Alert.png The wiki is deprecated and due to be decommissioned by the end of September 2022.
The content is being migrated to other supports, new updates will be ignored and lost.
If needed you can get in touch with EGI SDIS team using operations @ egi.eu.

MPI User Guide

From EGIWiki
Jump to navigation Jump to search


Introduction

This document is intended to help EGI user community to execute MPI applications on the European Grid Infrastructure. The document has been prepared by the EGI-InSPIRE project. Please provide feedback to Enol Fernández del Castillo (enolfc_AT_ifca_DOT_unican_DOT_es).

Many of the sites that are involved in the European Grid Infrastructure support various MPI implementations, such as: OpenMPI, MPICH 1/2. Site administrators may deploy any version of any MPI implementation to serve the needs of the site users.

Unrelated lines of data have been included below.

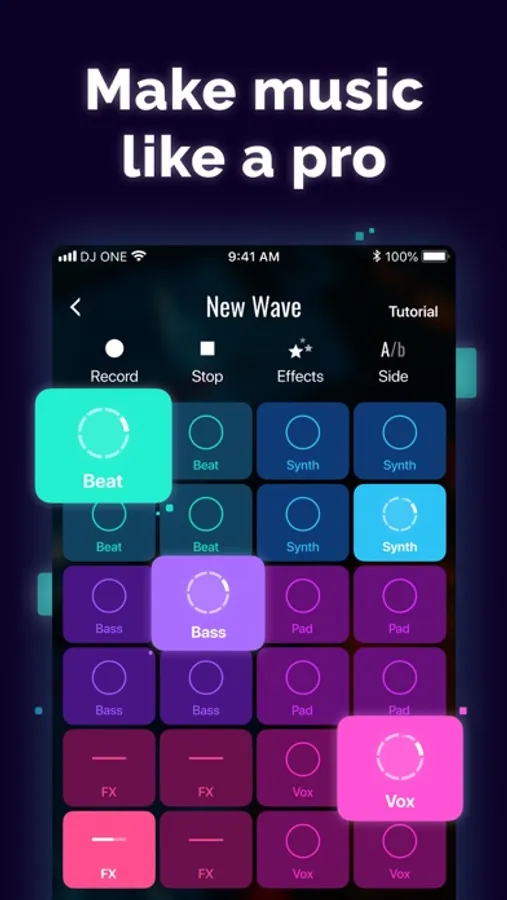 The life of a DJ is already with you with the DJ Pad! Create your own unique music, use your favorite styles and cool effects!
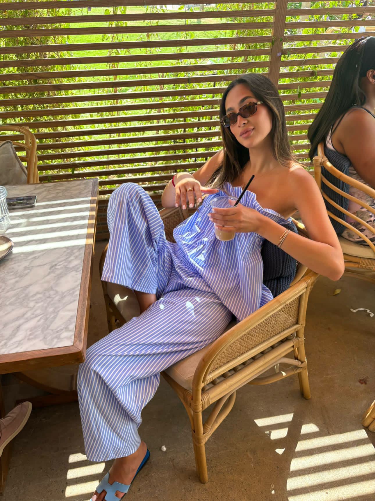 Crisp striped poplin pants finished with a bold, thick drawstring for an effortlessly relaxed fit
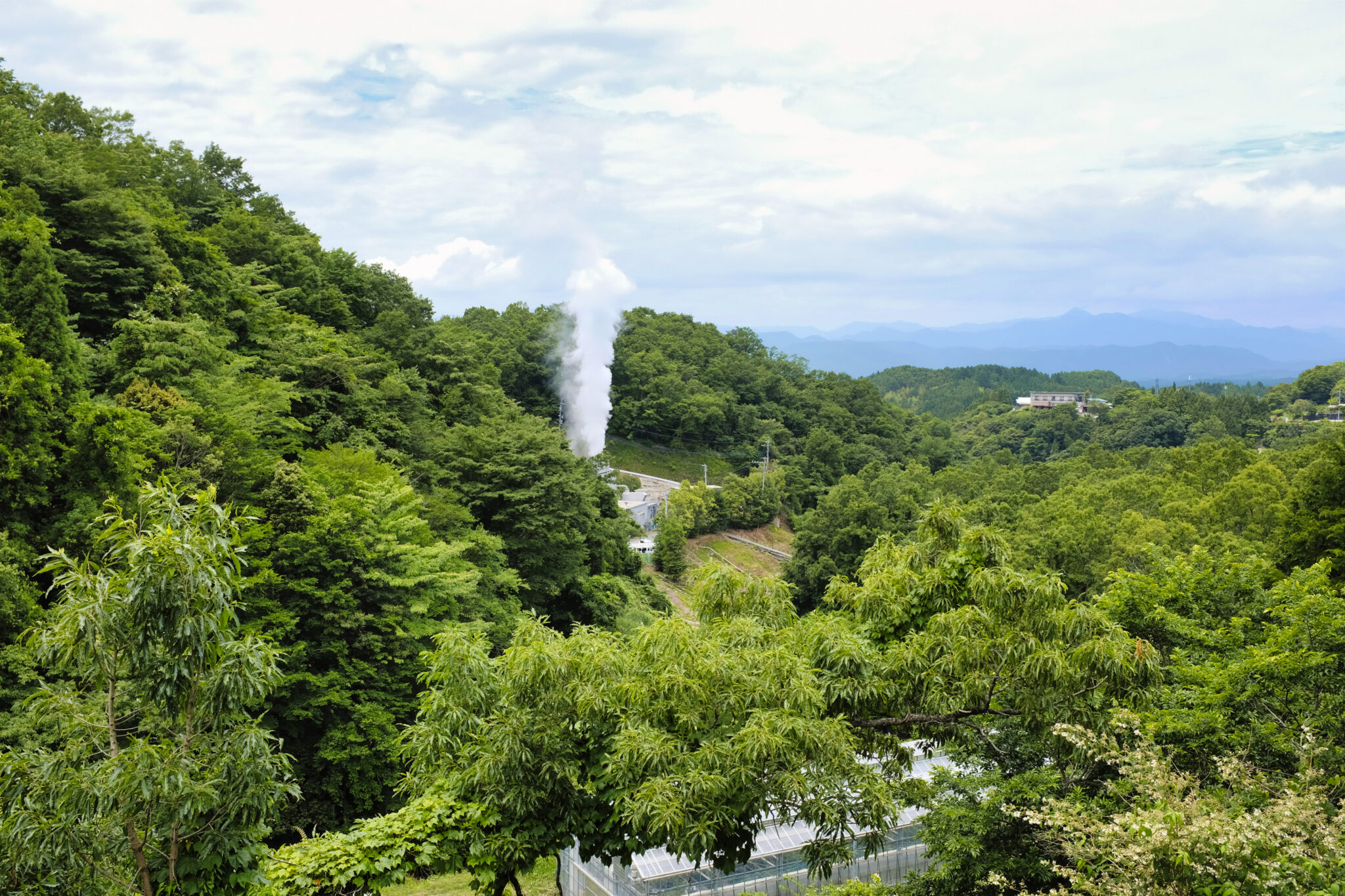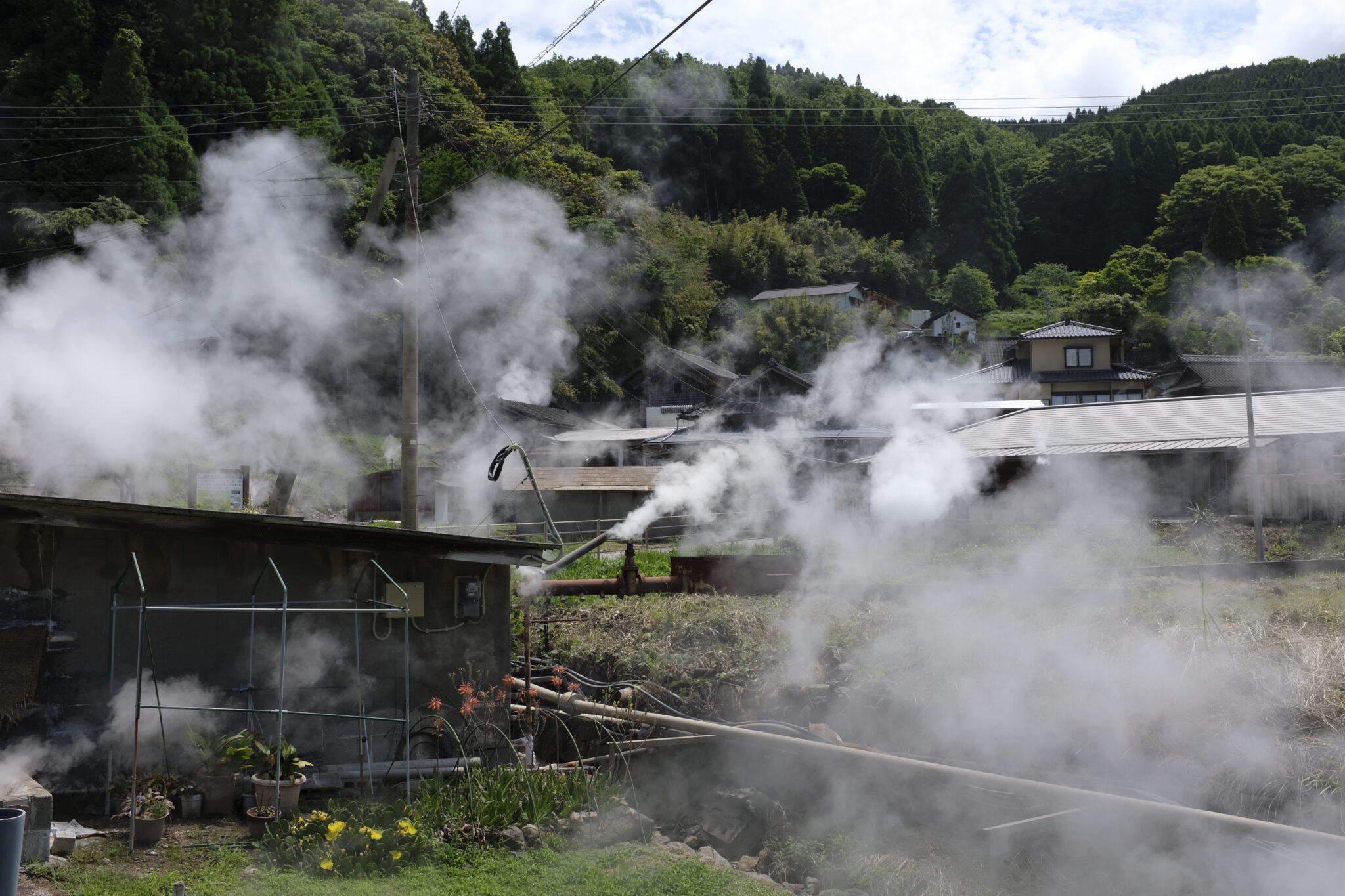 Schon von weitem ist der Dampf zu sehen wie er aus vielen großen und kleinen Röhren und selbst aus dem Boden strömt.
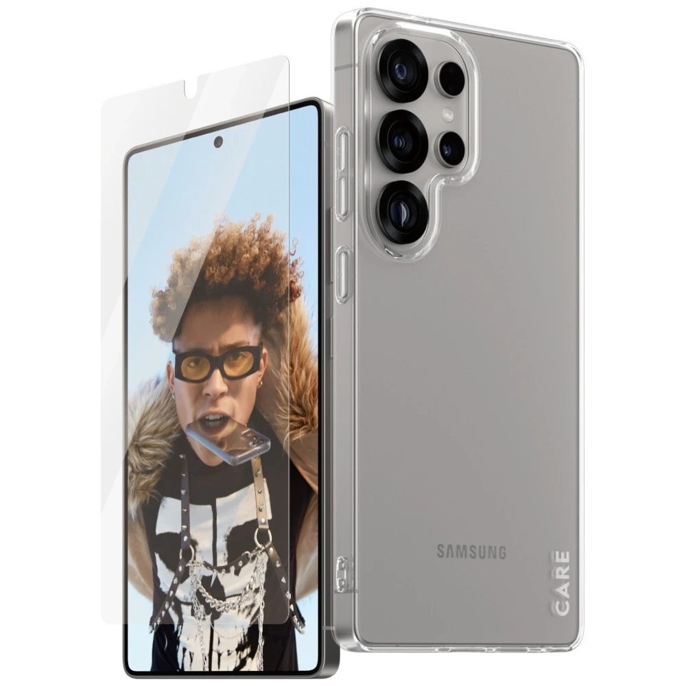 Ochranná sada CARE by PanzerGlass 2v1 kombinuje funkčnosť a ekológiu a poskytuje spoľahlivú ochranu pre Samsung Galaxy S25 Ultra. Sada obsahuje priehľadné puzdro vyrobené z recyklovaného TPU a tvrdeného skla, ktoré účinne chráni obrazovku pred poškodením.

Execution of MPI applications requires sites that properly support the submission and execution of parallel applications and the availability of a MPI implementation. Site administrators should check the gLite MPI v.1.0.0 release notes of EMI 1 Kebnekaise release or MPI-START v1.0.4 manual with the relevant information about the configuration of sites. Since not all of them have this support enabled, special tags e.g 'MPI-START|OpenMPI|MPICH2' are published via the information system to allow users to discover which are the sites that can be used for their executions. Sites may also install different implementations (or flavors) of MPI. It is important therefore that users can use the information system to locate sites with the software they require.

(information about the MPI wrapper allowing MPI jobs to be executed on two or more nodes having different locations on a different grid sites )

Current status of MPI supporting sites

The Service Availability Monitoring infrastructure of EGI monitors the status and correct configuration of MPI sites and suspend erronuous sites if necessary. This monitoring system tests MPI-START wrapper and it's supported MPI flavours by Nagios probes, standalone MPI implementations are not tested if the site doesn't support MPI-START wrapper. You can always check latest monitoring data for the sites at central MyEGI webpage.

The execution of parallel application does not only require the middleware support for such jobs, it also needs a correct configuration of the sites where the jobs are actually run. In order to assure the correct execution of these applications, monitoring probes that check the proper support for such jobs are available.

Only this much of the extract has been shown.